The reckless murderer of Macael’s child had an expulsion order from the country

Two weeks ago, an 18-year-old young man, resident in Olula del Río, ran over and killed a little boy from Macael with a 49-cylinder motorcycle on Paco Cosentino Avenue.

Apparently, according to testimonies collected at the scene, the young man of Moroccan origin had been driving recklessly for hours and everything ended in the worst way.

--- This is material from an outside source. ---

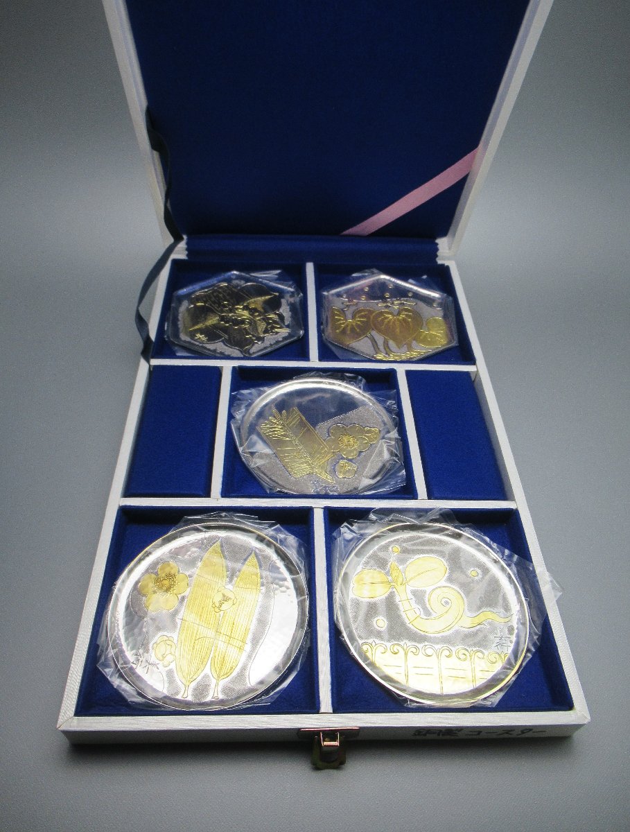 福井県福井市のお客様に出張買取にてご依頼頂き、文化勲章受章 彫金家 帖佐美行 清寿想 絵変わり 彫金 コースターを買取りさせて頂きました。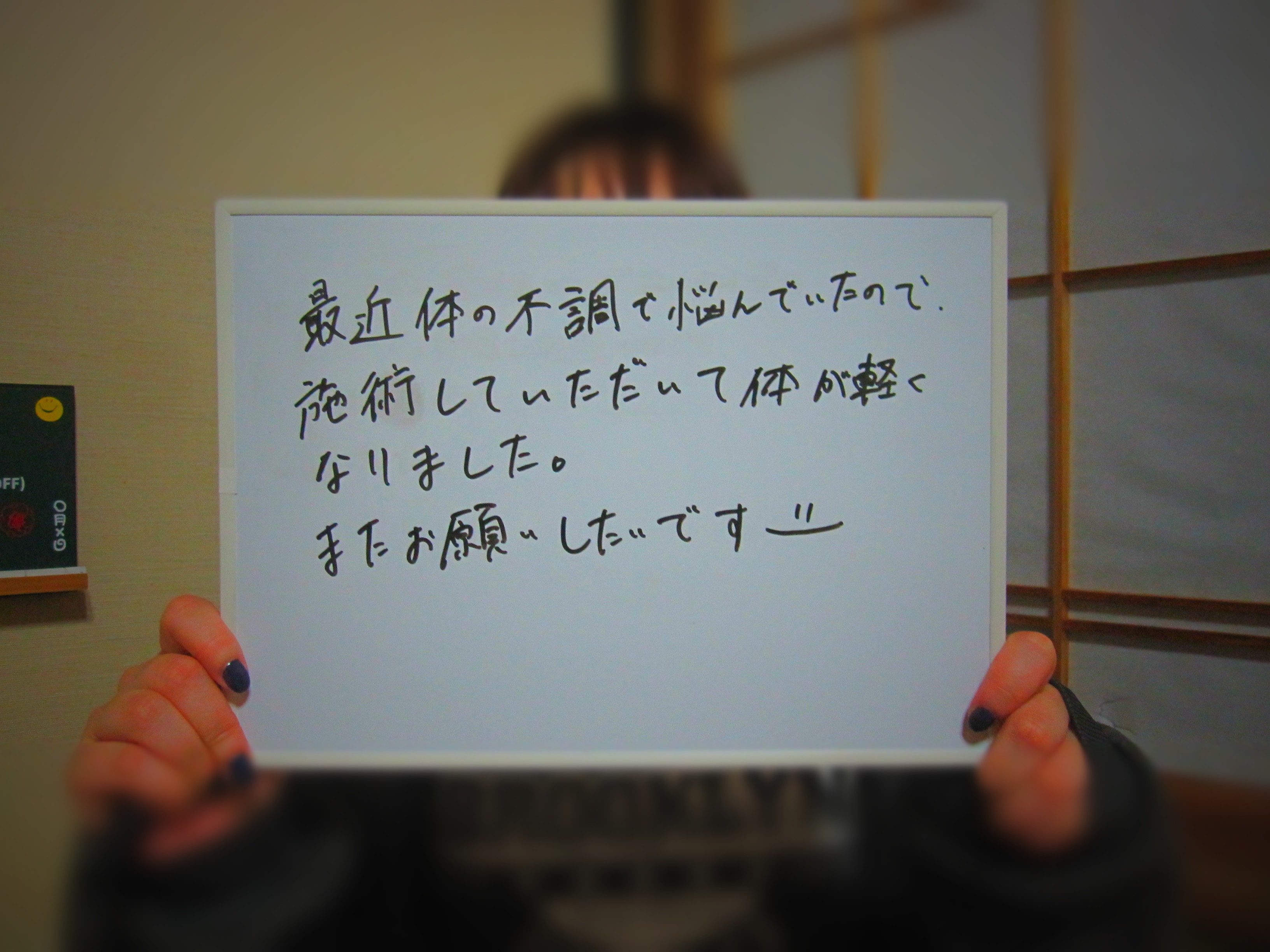 リラックスできて、とても落ちついて施術を受けることができました。

After running over the eight-year-old boy, the young man fled, hid the motorcycle behind some garbage containers (as shown in the image) and was found at dawn hiding on the boulevard that connects Macael with Olula del Río . “It was difficult to identify,” is the official information that reached this editorial office, an ambiguous way of saying that the reckless murderer is not in a regular situation in Spain. “The motorcycle was stolen and it did not have insurance either,” say sources close to the investigation that is being carried out. Other sources consulted, of absolute solvency, confirm that he also “had spent a period in the Oria Juvenile Center and had an open expulsion order from the country.” The tragedy could have been avoided if the control and execution mechanisms were more efficient, is the general reflection of the members of a people destroyed by pain. The detainee’s family apparently first lived in the municipality of Fines and then the mother and son settled in Olula del Río.

The events have caused general indignation among the residents of the Almanzora region; also from Purchena, where the minor’s father came to present himself as a PSOE candidate in the last municipal elections. 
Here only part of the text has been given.